Chursinoff’s characters are compelling as they struggle to re-evaluate their pacifist roots, their long-misunderstood religious beliefs and the actions of the Sons of Freedom sect (a.k.a the Freedomites a small, breakaway group of Doukhobors who protested through public nudity and arson). The days of the struggles between the pacifist Community Doukhobors and the Sons of Freedom were over by the late 1990s, but the painful memories remain for Jonah and Ruby, who are suffering the consequences of their earlier Doukhobor ancestors.
The structure of Chursinoff’s story is unusual. Not only is he writing a fictional story of love and hope, but he also begins each section with a non-fiction paragraph or two about the Doukhobor’s complicated past.

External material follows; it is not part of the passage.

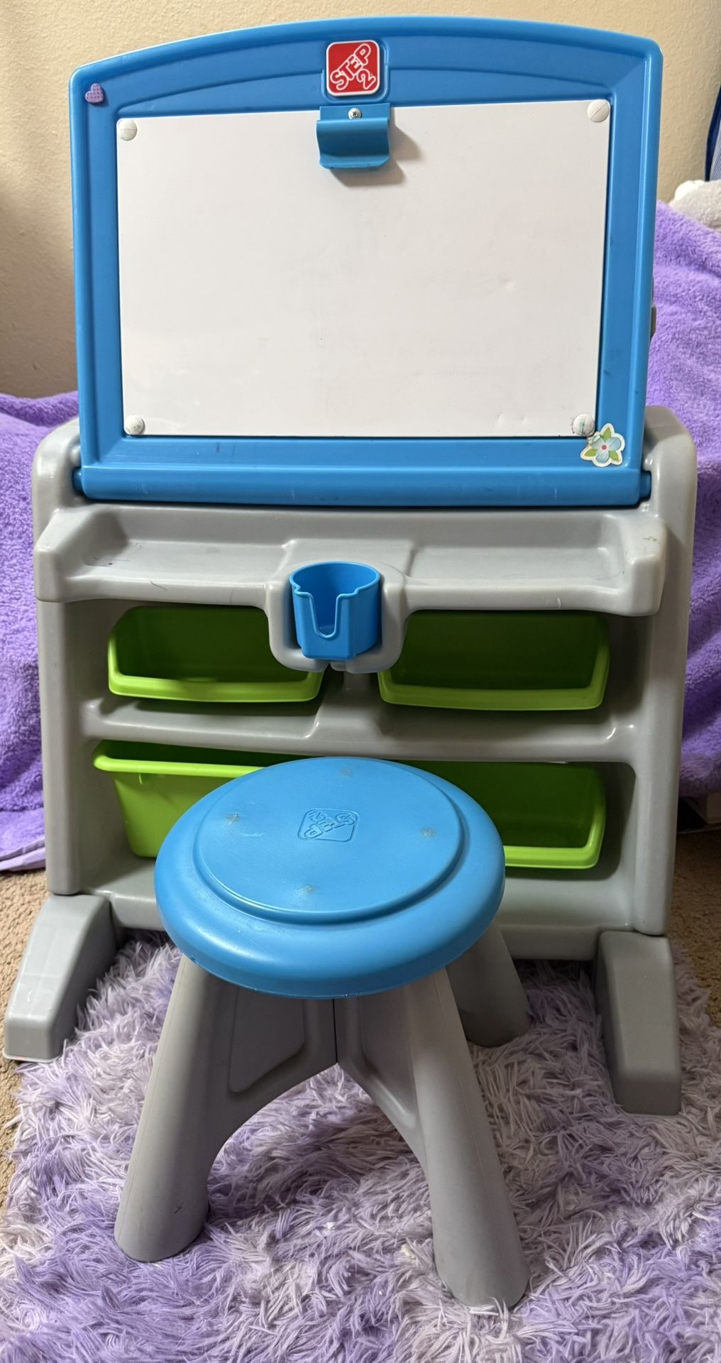 Child’s desk and easel combo with stool and storage bins.

This helps the reader understand his characters a little better. There is reference to the original Doukhobor leader—Peter V. Verigin, a pacifist Doukhobor—andhow he arrived in Canada from Russia and later mysteriously died in 1935 in an explosion on a train, a mystery that was never completely solved.
Jonah and Ruby feel the reverberations of some of these historical happenings—especially Jonah, whosemother is still affected by the humiliation of being a member of the Sons of Freedom. When he drives Ruby in his Honda Civic, screeching around mountain road curves as they get closer to home, Jonah wonders what he has done to his family: “Was more shame on its way to his mother, already shamed because of her Sons of Freedom family?